What is needed: Where the data below begins, start duplicating lines exactly, and finish with the line containing "Гиацинт безусловный лидер"; add nothing else. Leave the pictures out.

Records from a collection:
━━━━

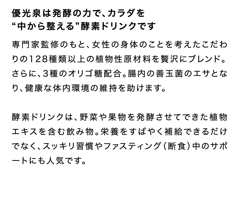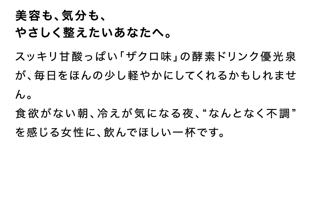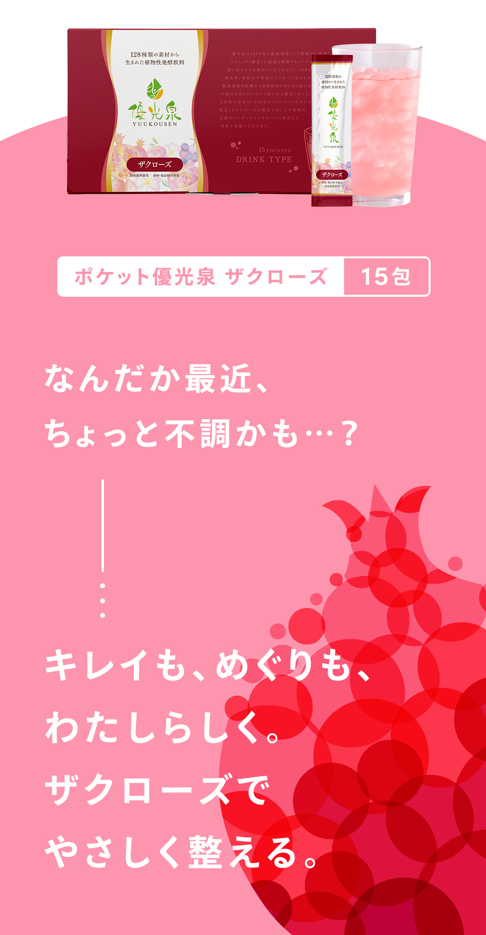 優光泉(ゆうこうせん)ザクローズは女性のコンディションサポート、美容・健康作用のある希少な素材を使用しています。
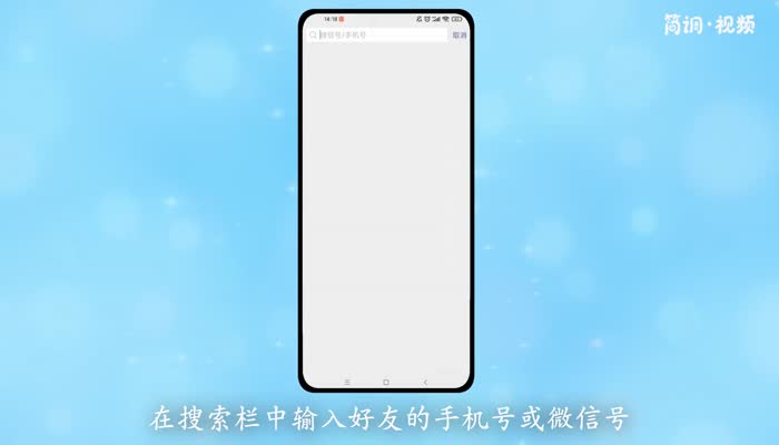 2.在弹出的列表中,点击“添加好友”,在搜索栏中输入好友的手机号或微信号,点击查找;
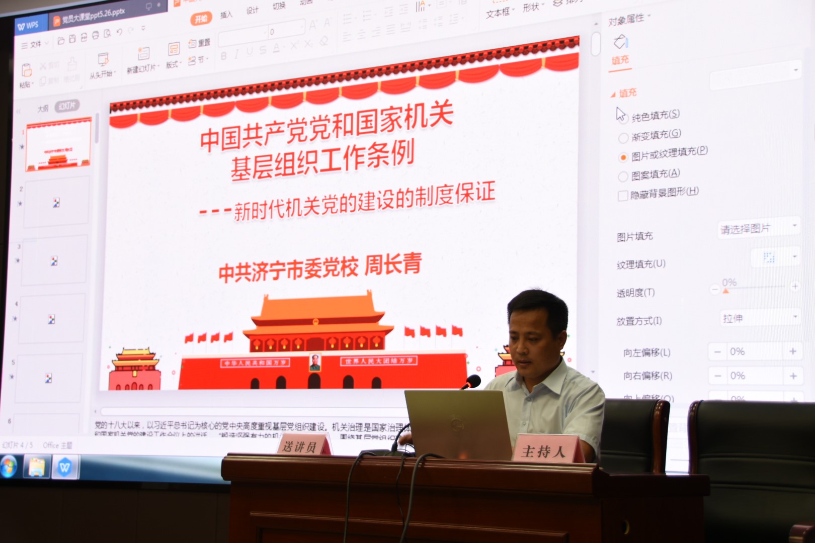 5月26日,市工信局第四期党员大课堂开课,本期党员大课堂结合市委市直机关工委“微党课”巡讲活动共同开展,邀请济宁干部政德教育学院郑丽媛同志、市委党校周长青同志、市城市管理局贾磊同志、市委统战部付文彤同志四位巡讲员讲授“微党课”,市委市直机关工委宣传部副部长李花卉参加活动,市工信局机关党委专职副书记丁玉林主持。
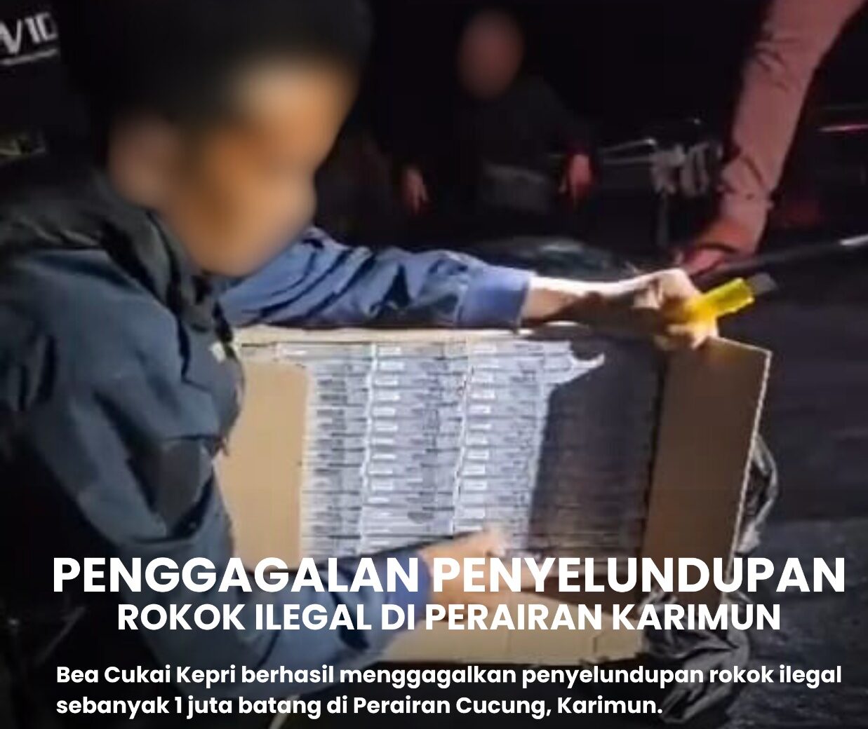 METROBATAM.COM, KARIMUN – Bea Cukai Kepulauan Riau Berhasil Menggagalkan Upaya Penyeludupan 1 Juta Batang Rokok Ilegal di Perairan Cucung Pada Hari Sabtu 26 Oktober 2024.
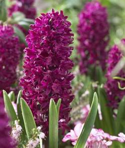 Гиацинт безусловный лидер среди растений, пригодных для выгонки. Его плотные, с сильным ароматом соцветия из звездчатых цветков сидят на безлистных цветоносах. У гиацинта много достоинств при выращивании в открытом грунте: он компактен, его цветки долго не увядают, имеют разнообразнейшую окраску и приятно пахнут. Местоположение лучше солнечное или слегка затененное место. Любая садовая почва с большим содержанием гумуса. Высаживают в сентябре-октябре на глубину 15 см на расстоянии 20 см.
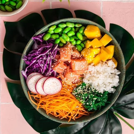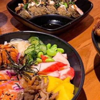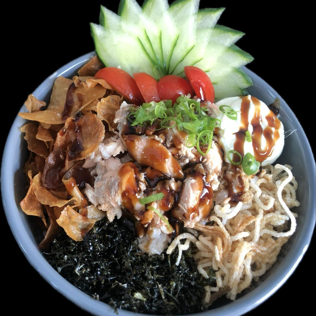 Shari,150 gr ceviche salmão ou atum,edamame,sunomono,cebola roxa ,couve frito ,gergelim,cebolinha,manga ou abacate.
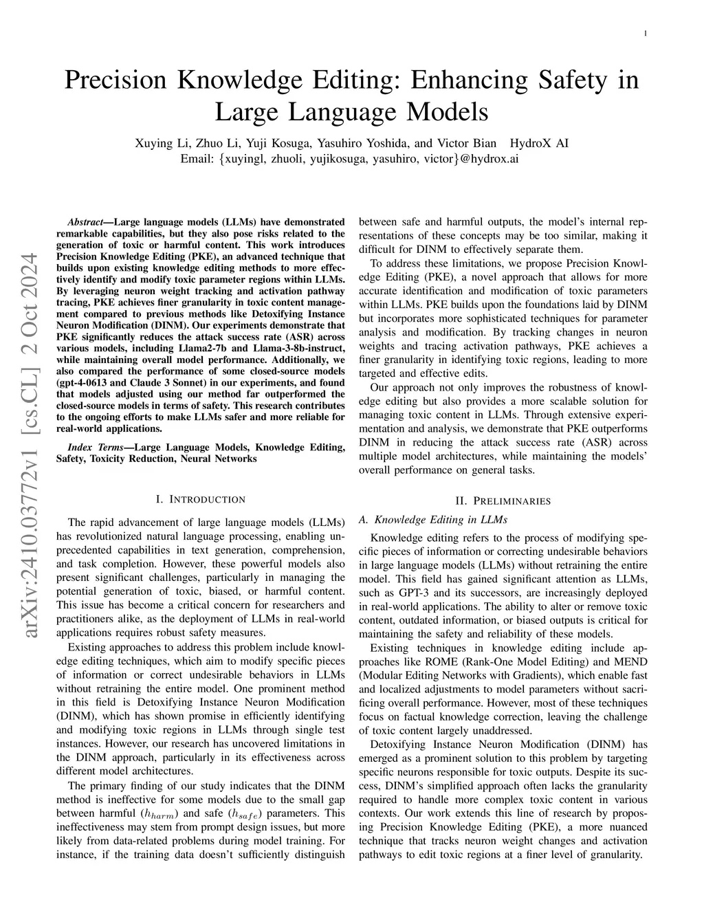 Precision Knowledge Editing: Enhancing Safety in Large Language Models
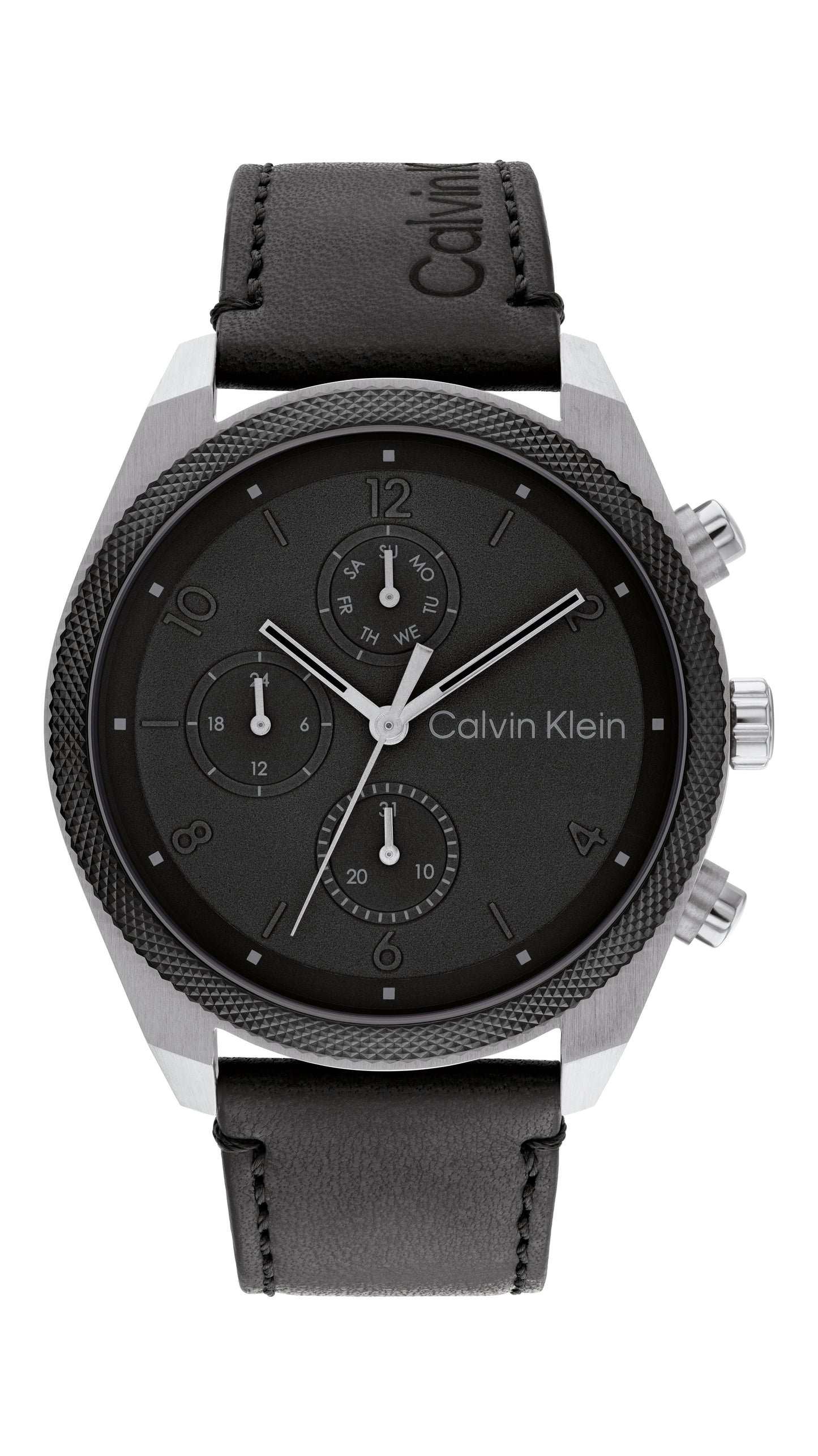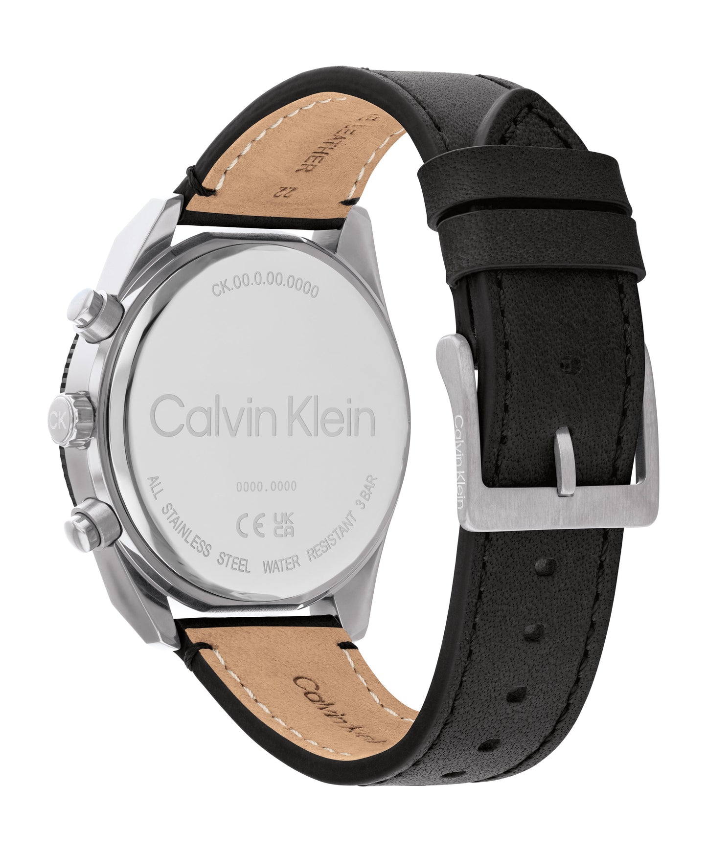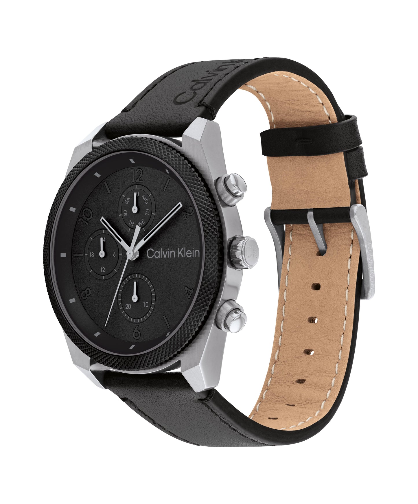 Orologio da uomo di Calvin Klein della collezione Architectural. Orologio multifunzione con resistenza all'acqua di 3 atm. La cassa, di forma tonda, è realizzata in acciaio inossidabile ed è di colore argento e nero. Diametro cassa: 44 mm. Il quadrante è di colore nero. Il cinturino è realizzato in pelle ed è di colore nero.

━━━━

Expected answer:
 優光泉(ゆうこうせん)ザクローズは女性のコンディションサポート、美容・健康作用のある希少な素材を使用しています。
 2.在弹出的列表中,点击“添加好友”,在搜索栏中输入好友的手机号或微信号,点击查找;
 5月26日,市工信局第四期党员大课堂开课,本期党员大课堂结合市委市直机关工委“微党课”巡讲活动共同开展,邀请济宁干部政德教育学院郑丽媛同志、市委党校周长青同志、市城市管理局贾磊同志、市委统战部付文彤同志四位巡讲员讲授“微党课”,市委市直机关工委宣传部副部长李花卉参加活动,市工信局机关党委专职副书记丁玉林主持。
 METROBATAM.COM, KARIMUN – Bea Cukai Kepulauan Riau Berhasil Menggagalkan Upaya Penyeludupan 1 Juta Batang Rokok Ilegal di Perairan Cucung Pada Hari Sabtu 26 Oktober 2024.
 Гиацинт безусловный лидер среди растений, пригодных для выгонки. Его плотные, с сильным ароматом соцветия из звездчатых цветков сидят на безлистных цветоносах. У гиацинта много достоинств при выращивании в открытом грунте: он компактен, его цветки долго не увядают, имеют разнообразнейшую окраску и приятно пахнут. Местоположение лучше солнечное или слегка затененное место. Любая садовая почва с большим содержанием гумуса. Высаживают в сентябре-октябре на глубину 15 см на расстоянии 20 см.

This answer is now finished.